E-like, a protein related to tubulin-folding cofactor E. (A) Amino acid sequence comparison showing 23% identity between human E-like (El) and cofactor E (Cof E). (B) Evolutionary relationship between currently known cofactor E-related sequences; fly, Drosophila melanogaster; celeg, Caenorhabditis elegans; atha, Arabidopsis thaliana; yeast, Saccharomyces cerevisiae; spombe, Schizosaccharomyces pombe; leisch, Leishmania donovani. (C) Schematic of domains identified in cofactor E and E-like. CAP-gly, glycine-rich cytoskeleton-associated protein domain; LRR, leucine-rich repeat sequence; UBL, ubiquitin-like domain. (D) Northern blot showing distribution of E-like expression in various human tissues. Location of size markers is indicated on the left.
We assessed E-like tissue distribution in humans by northern blot analysis of RNA from multiple human tissues (Fig. 1D). The data show that one major E-like-specific transcript of ∼6.0 kb is abundantly expressed in testis, but is also present in several other tissues at a much lower level. This pattern of expression was confirmed by western blot analyses using a specific anti-E-like antiserum (data not shown).
E-like and cofactor E are functionally distinct
Given the sequence similarity between E-like and cofactor E we decided to compare the functions of these two proteins in vitro and in vivo. Specifically, we sought to determine whether E-like could substitute for cofactor E in the assembly of the tubulin heterodimer or enhance the GTPase activity of native tubulin triggered by the α/β tubulin/cofactor C/cofactor D complex (Tian et al., 1999). We therefore carried out in vitro folding reactions in which either labeled, unfolded α- or β-tubulin was presented to CCT by sudden dilution from denaturant in the presence of ATP, GTP and cofactors B, C and D, with or without cofactor E or E-like. The reaction products were analyzed by non-denaturing gel electrophoresis (Fig. 2A). The data show that, in contrast to folding reactions that included cofactor E, no native tubulin heterodimers were produced in reactions in which E-like was substituted for cofactor E. Similarly, we found that when native tubulin heterodimers are refolded in vitro by the action of cofactors C, D and E in the presence of radiolabeled GTP (Bartolini et al., 2002), the nucleotide was incorporated non-exchangeably into the refolded tubulin only when cofactor E was included in the reaction mix (Fig. 2B).
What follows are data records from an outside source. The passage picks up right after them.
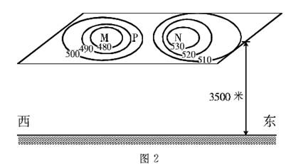 【小题3】若图中曲线为近地面等温线, a>b>c,且图示地区为大范围的、海陆兼备的地区,pq位于陆地,mn位于海洋,则此时( )
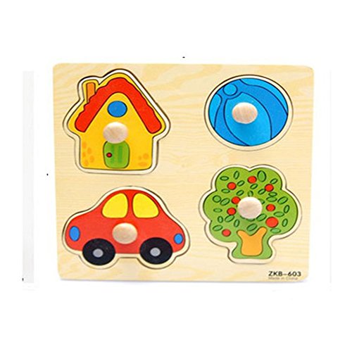 -. Binding : Office Product -. Brand : Panda Superstore -. Feature : Home pegged puzzles (house,car,football,tree). / 4 pieces of puzzles; size about 14.8*14.8*0.6cm(5.8*5.8*0.2''). / Recommended Age Range 2 Years. / It correctly guides the children's observation and cognitive characteristics of colors, shapes, and animals. / More colourful would be loved by your kids. -. Label : Panda Superstore -. Manufacturer : Panda Superstore -. MPN : PS-TOY166403011-ADA00023 -. PackageQuantity : 1 -. PartNumber : PS-TOY166403011-ADA00023 -. ProductGroup : Toy -. ProductTypeName : TOYS_AND_GAMES -. Publisher : Panda Superstore -. Studio : Panda Superstore -. Title : Set of 3 Home Pegged Puzzles Wooden Animals Puzzle Age for 2 Years 14.8*14.8CM
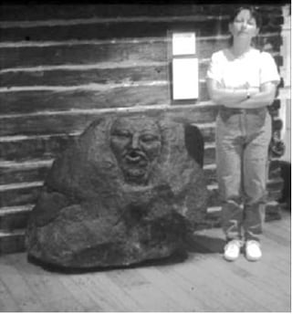 All holes and drainage spouts are plugged with putty or other additions, suggesting no interest in a modern restoration. The mysterious face carving and associated cavities have given rise to speculation about its origins, including one theory that the stone was carved by prehistoric Mediterranean seafarers who used the 3,000-pound  boulder as a mooring stone.

This was the case even when a tenfold molar excess (relative to cofactor E) of E-like was included in the reactions. We conclude that E-like does not participate in the tubulin heterodimer assembly reaction. The failure of E-like to substitute for cofactor E in these reactions is not due to a defect in the recombinant protein, as the same result was obtained using E-like purified from bovine testis (data not shown).
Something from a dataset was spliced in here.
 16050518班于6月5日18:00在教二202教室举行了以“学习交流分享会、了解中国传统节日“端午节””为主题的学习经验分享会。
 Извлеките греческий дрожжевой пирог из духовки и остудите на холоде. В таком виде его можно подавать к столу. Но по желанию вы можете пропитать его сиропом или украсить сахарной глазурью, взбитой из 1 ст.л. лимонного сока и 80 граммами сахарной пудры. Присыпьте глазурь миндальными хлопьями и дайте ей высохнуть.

Functional comparison between E-like and cofactor E. (A) E-like cannot substitute for cofactor E in tubulin folding reactions. 35S-labeled, unfolded α-tubulin (left panel) or β-tubulin (right panel) probes generated by expression in E. coli were presented to CCT by sudden dilution from denaturant in the presence of ATP and GTP plus the indicated cofactors (B,C,D) and either cofactor E (E) or increasing concentrations of E-like (El). 1×, 2× and 4× denote the fold molar excess of E-like compared with cofactor E. (B) E-like cannot substitute for cofactor E in tubulin refolding reactions. Tubulin refolding reactions containing various tubulin-specific chaperones were carried out in the presence of [32P]GTP as described (Bartolini et al., 2002). In A and B, reaction products were resolved by non-denaturing gel electrophoresis. Migration positions of various tubulin-containing species are shown. Note the absence of labeled native tubulin heterodimers (tub) in lanes in which E-like is substituted for E. Dβ, cofactor D/β-tubulin; Bα, cofactor B/α-tubulin. (C) E-like does not stimulate the tubulin-GAP activity of cofactors C and D. The tubulin-GAP activity of cofactors C and D was measured as described (Tian et al., 1999) either alone (open circles), in the presence of cofactor E (filled diamonds) or in the presence of E-like (crosses).
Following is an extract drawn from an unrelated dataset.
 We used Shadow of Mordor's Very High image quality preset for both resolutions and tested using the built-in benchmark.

Together, cofactors C and D have the ability to stimulate GTP hydrolysis by tubulin, thereby acting as GTPase activating proteins (GAPs). This GAP activity results in the release of native tubulin from cofactors as the last step in the de novo formation of the tubulin heterodimer. There is also persuasive evidence that this reaction plays a role in the regulation of tubulin polymerization (Tian et al., 1999). Because cofactor E enhances the tubulin-GAP activity of cofactors C and D, we tested E-like in this assay. We found that in contrast to cofactor E, E-like had no effect on the tubulin GAP activity of cofactors C and D (Fig. 2C). This was true for both recombinant E-like and the authentic protein purified from tissue (data not shown).
Overexpression of E-like leads to microtubule destruction
To test the effect of overexpressing E-like in cultured cells and to analyze its subcellular distribution, we transfected HeLa cells with EGFP-tagged E-like (El-EGFP) (Fig. 3A). We found that the transgene was present in both the nuclei and cytoplasm of transfected cells. This was also the case in cells transfected with an untagged construct (data not shown). Although the significance of the appearance of a portion of overexpressed E-like in the nucleus is unclear, in all cases overexpression of El-EGFP (but not EGFP alone) resulted in a dramatic reduction in the number of MTs in the cell as assayed by α-tubulin antibody staining (Fig. 3A, panels a-d). Because the disappearance of MTs correlated with the level of expression of the transgene, it seemed likely that this phenotype reflected an effect of E-like on either tubulin or MTs. To test this idea, we performed a parallel experiment in which El-EGFP transfected cells were treated with the MT depolymerizing agent nocodazole 1 hour before fixation. We found that in the presence of the drug, E-like overexpression resulted in an almost total loss of tubulin staining, even under conditions where the level of expression of the transgene was relatively low (Fig. 3A, panels e and f). These data show that the tubulin-obliterating effect of E-like overexpression is enhanced by nocodazole-induced depolymerization. If E-like were acting only on MTs, we would not expect any change in the intensity of α-tubulin fluorescence upon nocodazole treatment; on the other hand, if E-like interacts with free tubulin dimers, treatment with nocodazole would increase the size of the tubulin pool available for interaction, resulting in a greater loss of α-tubulin staining. As the latter is what we observed, we infer that E-like affects the tubulin dimer rather than just its polymer.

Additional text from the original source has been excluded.